- **Task requirements**: Please restate each line of the data that follows word for word, skipping any image.

#### Available data ####

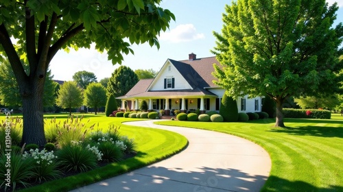 Curving Driveway Leading to a Charming Suburban House with Lush Green Landscaping and Mature Trees Under a Sunny Sky
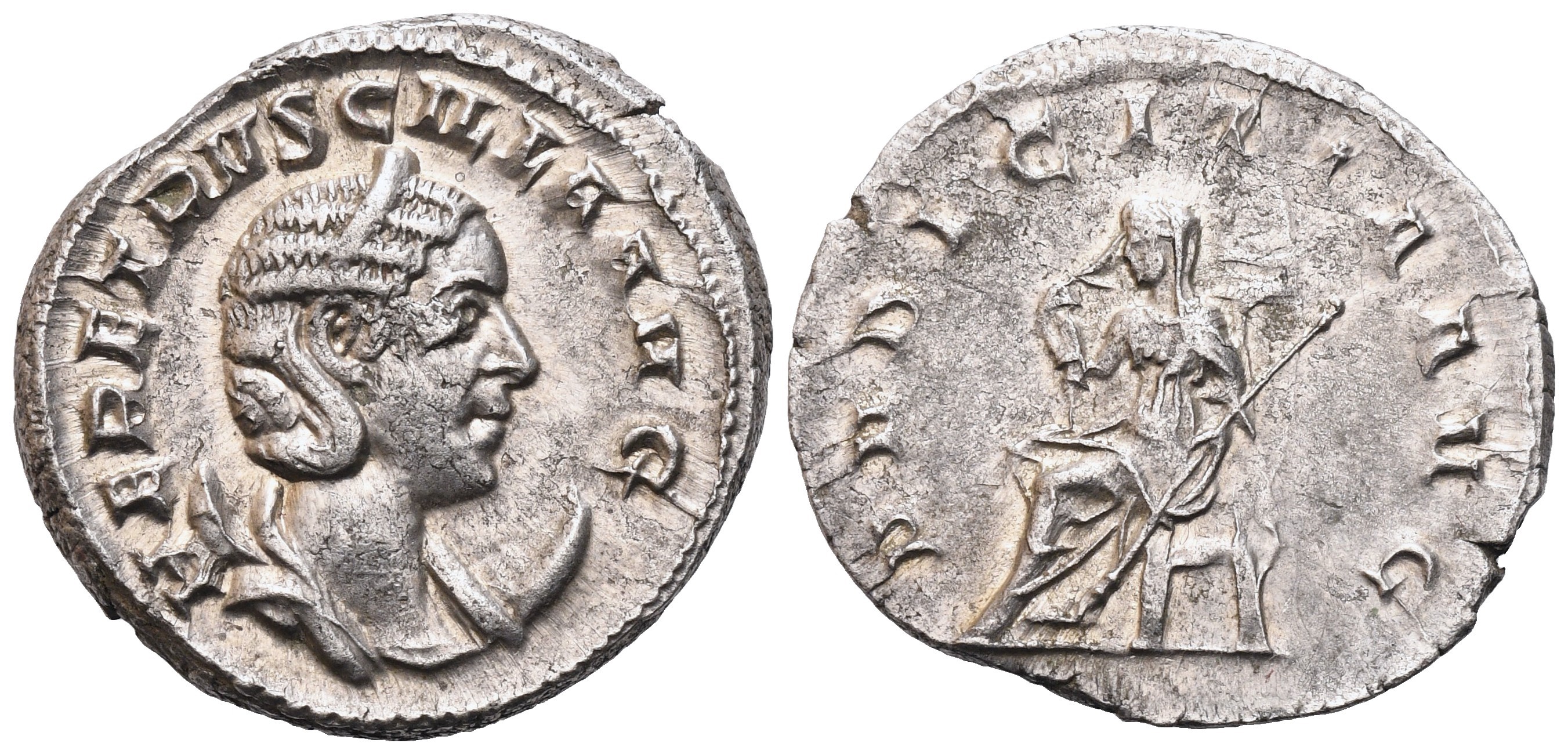 HER ETRVSCILLA AVG Diademed and draped bust of Herennia Etruscilla to r., set on crescent; Rv. PVDICITIA AVG Pudicitia seated l. on a high throne, drawing veil from face and holding sceptre. RIC IV.3, 59b. Good very fine / very fine.
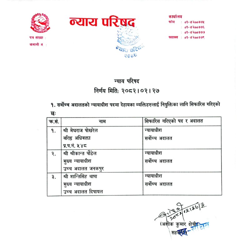वरिष्ठ अधिवक्ता मेघराज पोखरेल, उच्च अदालत जनकपुरका मुख्य न्यायाधीश श्रीकान्त पौडेल, उच्च अदालत दिपायलका मुख्य न्यायाधीश शान्तिसिंह थापाको नाम सिफारिस गरिएको परिषद्का सचिव यमबहादुर बुढामगरले डिसी नेपाललाई जानकारी दिए ।

####

- **Response to this task**:
 Curving Driveway Leading to a Charming Suburban House with Lush Green Landscaping and Mature Trees Under a Sunny Sky
 HER ETRVSCILLA AVG Diademed and draped bust of Herennia Etruscilla to r., set on crescent; Rv. PVDICITIA AVG Pudicitia seated l. on a high throne, drawing veil from face and holding sceptre. RIC IV.3, 59b. Good very fine / very fine.
वरिष्ठ अधिवक्ता मेघराज पोखरेल, उच्च अदालत जनकपुरका मुख्य न्यायाधीश श्रीकान्त पौडेल, उच्च अदालत दिपायलका मुख्य न्यायाधीश शान्तिसिंह थापाको नाम सिफारिस गरिएको परिषद्का सचिव यमबहादुर बुढामगरले डिसी नेपाललाई जानकारी दिए ।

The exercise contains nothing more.